The world ended with a flash.
Jake didn’t see it coming. Not really. Not until the deafening blast tore through the street and threw him to the ground.
He had been walking home from work, earbuds in, phone in hand, oblivious to the chaos about to erupt. The city smelled of exhaust and rain-damp concrete. A normal day. A normal life.
Then everything changed.
Glass shattered. Metal screamed. The smell of fire and smoke hit first, hot and choking. He felt the impact before he registered it—the ground folding under him, then an explosion of sound and pain that ripped through his chest.
He couldn’t breathe. His ears rang, voices muted into distant echoes. People fell around him, screaming, crying, disappearing into smoke. For a second, everything seemed to stretch and slow.
But survival wasn’t an option.
Pain exploded. Heat, fire, and shrapnel tore through him. He saw hands, eyes, and faces, even as the world dissolved into screaming red and black.
And then nothing.
Groaning, Jake pushed himself up—and froze.
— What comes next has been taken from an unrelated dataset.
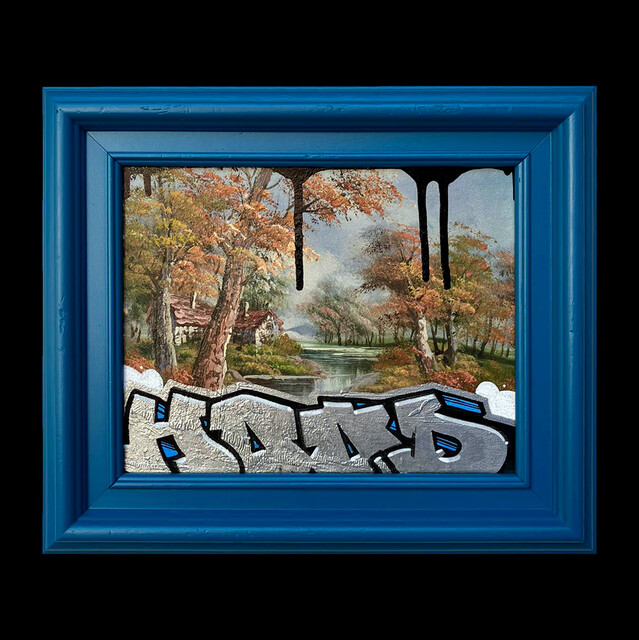 Spray paint and marker on reclaimed framed painting, 29 × 33 × 4 cm.

The field around him wasn’t empty.
A village burned in the distance, its thatched roofs swallowed by flames. Black smoke coiled into the sky, carrying with it the stench of charred flesh. Screams—high-pitched, desperate—cut through the air.
His stomach twisted.
He woke choking on smoke.
Air clawed its way into his lungs, searing all the way down. His body convulsed violently, dragging in breath after breath as pain slammed back into him—sharper now, undeniable, proof that whatever should have ended him had failed. He rolled onto his side and retched, bile mixing with dirt and ash.
I’m still breathing.
That thought landed heavy, unwelcome.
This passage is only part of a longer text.